I’ve always felt this pressure to accomplish something while I’m alive – to make an impact, build something big, change something fundamentally for the better. For my life’s work to matter. And for me to see the fruit it yields.
I’ll admit, that belief is pretty motivating. It’s certainly helped me make some big decisions. The Death-Pressure-Test I call it – if I were to die one month from now, is this how I’d want to spend my time? And if the answer is no, that tells me something. But sometimes, it leaves me feeling like what I’m doing now isn’t enough. I wonder if my efforts will ever lead to the impact I hope for. At its worst, these questions paralyze me.
Lately, as I’ve been meeting different parts of myself—the gatekeepers to my beliefs about value, worth, and purpose—I’ve started to wonder: what if our relationship with time is all wrong?
The other day, while meditating, I got one of those truth whispers—the kind that comes out of nowhere yet lands with certainty. Like most truths, it arrived quietly, while in nature— a gentle breeze meant to catch my attention. It said this:
Timelines are longer than we think.
The arc of our work, and our impact, stretches beyond a single lifetime. We may have a vision for how our lives will unfold while we’re here, but that’s only a small part of the story we contribute to. Maybe our real purpose—our shared purpose—is simply to choose the best path for this moment, planting seeds along the way for future hands to tend and harvest. Much like the forward-thinkers and artists who went largely unknown in their lifetimes—Van Gogh, for one— whose work now shapes how we understand and appreciate our place in the world.

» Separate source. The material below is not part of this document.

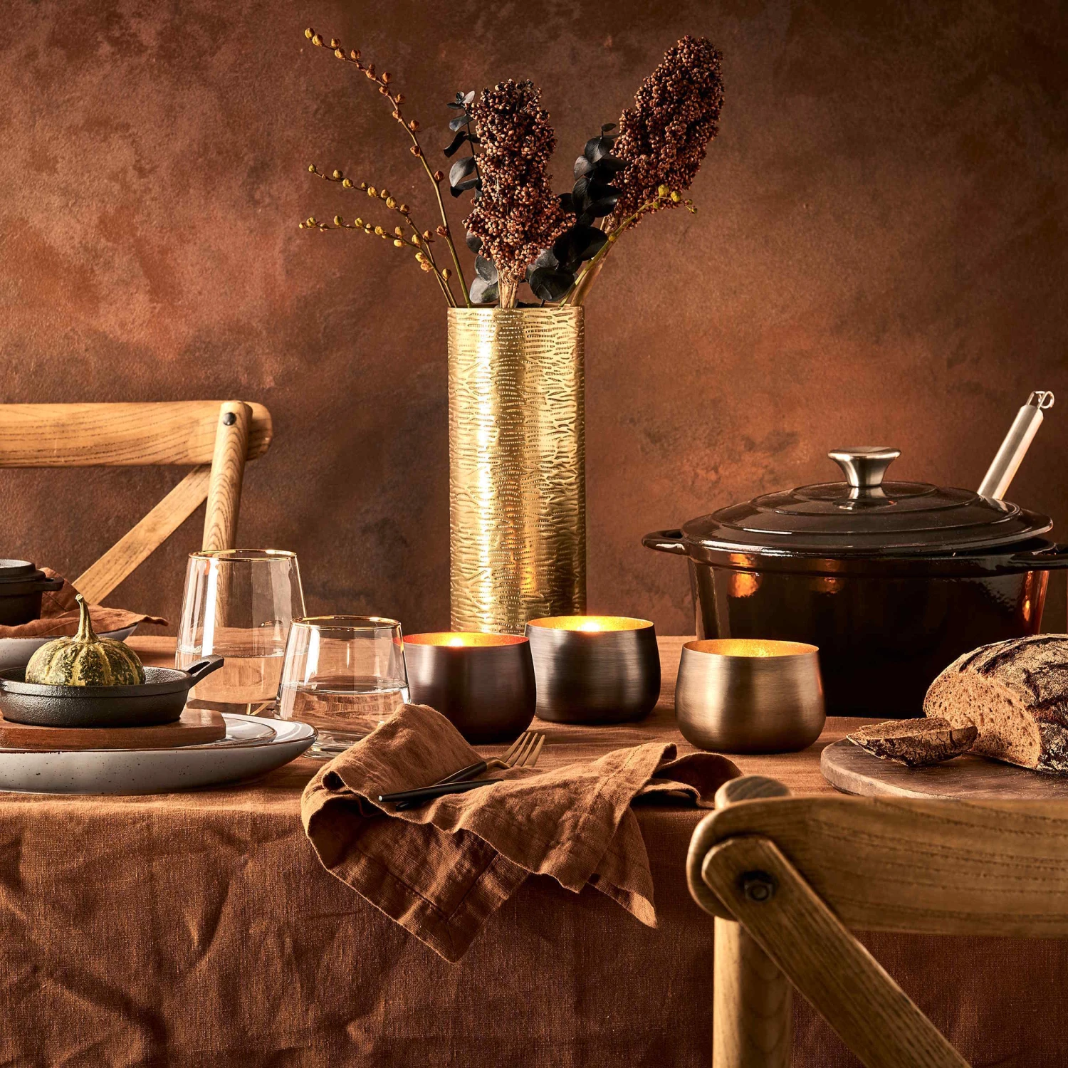 Die Aureo Vase aus Aluminium ist allen gewidmet, die sich an satten Goldtönen in ihrem Zuhause gar nicht sattsehen können. Seine strukturierte, leicht unebene Oberfläche sorgt für eine individuelle Optik und macht dieses schimmernde Deko-Objekt zum Hingucker. Passendes Tablett erhältlich, ideal zum Kombinieren.

Holding life’s outcomes with a broadened view has freed me. It places a different value on the now – making it no less important, but certainly more expansive. Our choices matter, but perhaps the impact we are looking for isn’t something outside of ourselves, but right in front of us. The sum of our contributions cannot be quantified by us alone, because we only hold one part of the equation. But, we can enjoy the view we have, leaving a little more room to create freely, knowing the impact will find its own way.